しぐれの日常

オタクによるオタ活日誌

ライトノベルはガガガ文庫

ガガガreadマンもウーマンもそうでない方も。
しぐれです。
私史上最大に人に見られた文章となった前回のもの。PV数100を越えたよという通知が出ていたときは「これ自分のカウントされてるよね?」と思ったが、よく考えてみれば100回も自分のブログを開くわけがなかった。見てくださった方々、本当にありがとうございます。

さて、ここから本題に入るのである。

ガガガ文庫というライトノベルレーベルをご存知だろうか。

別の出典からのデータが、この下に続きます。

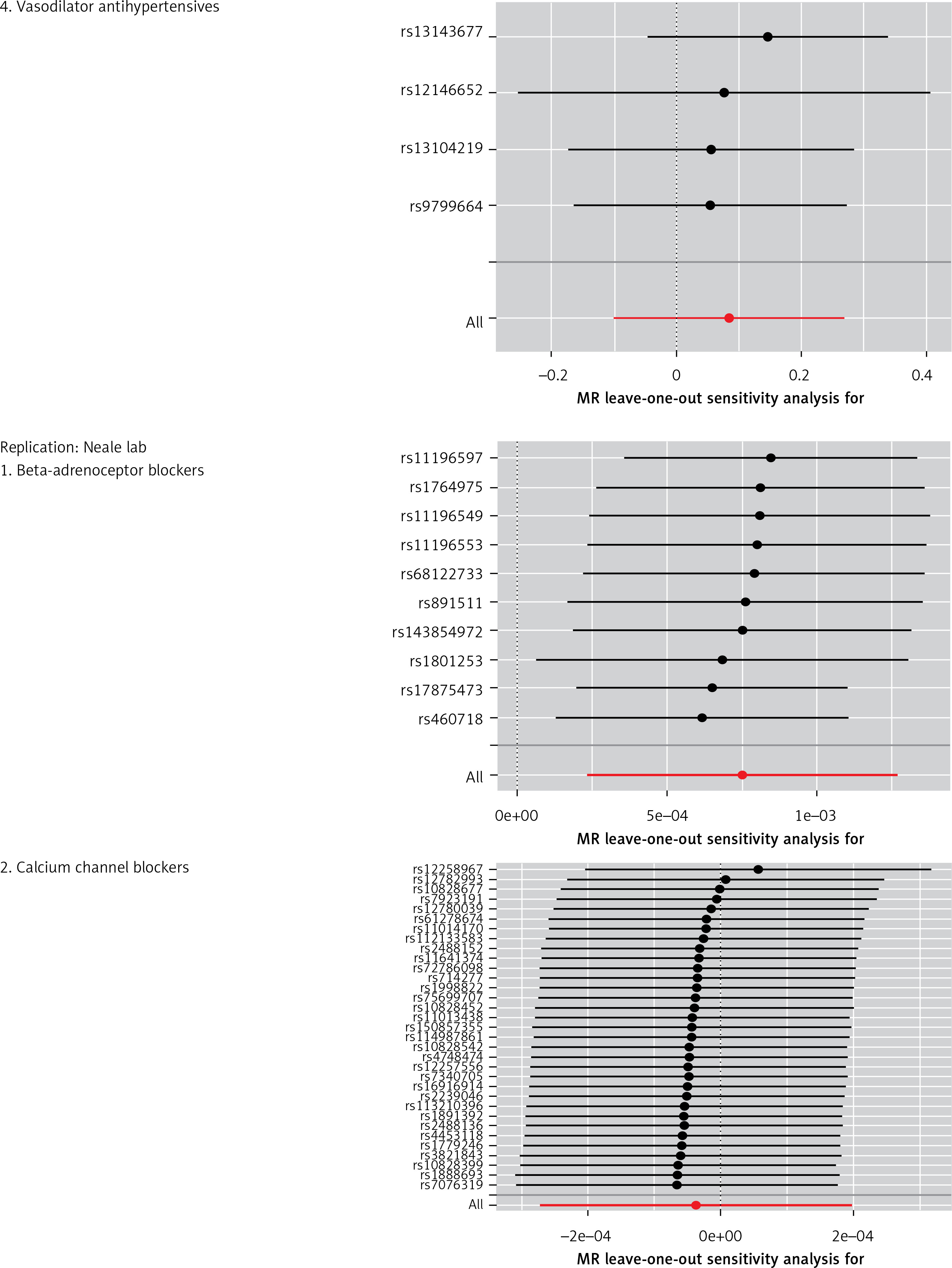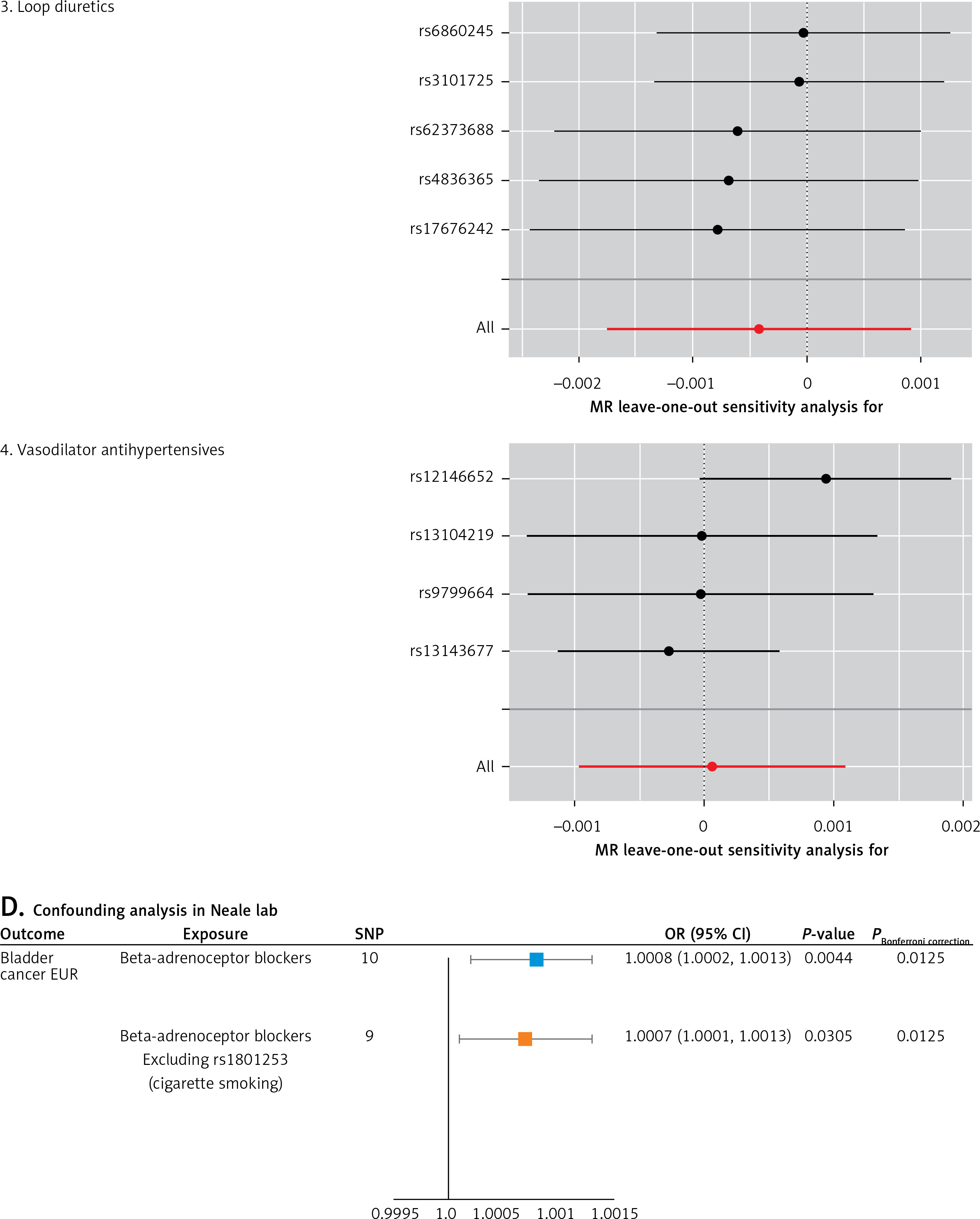 A – Forest plot map of Mendelian randomization (MR) analysis, utilizing genetic proxies for four classes of antihypertensive drugs, demonstrating their association with the risk of bladder cancer. The primary outcome is based on data from the FinnGen Biobank. B – Forest plot map of MR analysis, using genetic proxies for four classes of antihypertensive drugs, illustrating their association with the risk of bladder cancer. The secondary outcome is derived from the Neale lab dataset C – Leave-one-out analysis was conducted for the following antihypertensive drug classes: (1) β-adrenoceptor blockers, (2) calcium channel blockers, (3) loop diuretics, and (4) vasodilator antihypertensives. This analysis was applied to both the primary analysis of bladder cancer risk in the FinnGen Biobank and the replication analysis in the Neale lab C – Leave-one-out analysis was conducted for the following antihypertensive drug classes: (1) β-adrenoceptor blockers, (2) calcium channel blockers, (3) loop diuretics, and (4) vasodilator antihypertensives. This analysis was applied to both the primary analysis of bladder cancer risk in the FinnGen Biobank and the replication analysis in the Neale lab C – Leave-one-out analysis was conducted for the following antihypertensive drug classes: (1) β-adrenoceptor blockers, (2) calcium channel blockers, (3) loop diuretics, and (4) vasodilator antihypertensives. This analysis was applied to both the primary analysis of bladder cancer risk in the FinnGen Biobank and the replication analysis in the Neale lab. D – Confounding analysis was conducted to assess the impact of genetic proxies for β-adrenoceptor blockers, specifically focusing on the inclusion or exclusion of the rs1801253 (rs1801253: cigarette smoking), on the association with bladder cancer risk in the replication data from the Neale lab

俺ガイルで一躍有名になったと思う人がいるかもしれない。しかしそれ以前から、さらにそれ以降も面白い作品をずっと発売し続けている。そんな小学館ガガガ文庫の本の中で、私がおすすめする本を紹介していこうと思う。


・キミとは致命的なズレがある
赤月カケヤ先生の作品。
主人公である海里克也は十歳のときに記憶をなくしており、ここ数年の記憶しかない。そんな彼に送られてくる不幸の手紙。幼なじみを殺したのは自分なのか? そのように徐々に克也が自分自身の記憶を疑っていくところに恐ろしさを感じる。自分自身のことさえも、外界からの干渉で簡単に覆ってしまうのだから。ミステリーやサスペンス的な話なので、あまり話すとネタバレしちゃうので、この程度に押さえておきます。


・俺が生きる意味
赤月カケヤ先生の作品。意味の部分は『レゾンデートル』とルビをふる。一言で言い表すのならば異能 × パニックホラーという感じだろうか。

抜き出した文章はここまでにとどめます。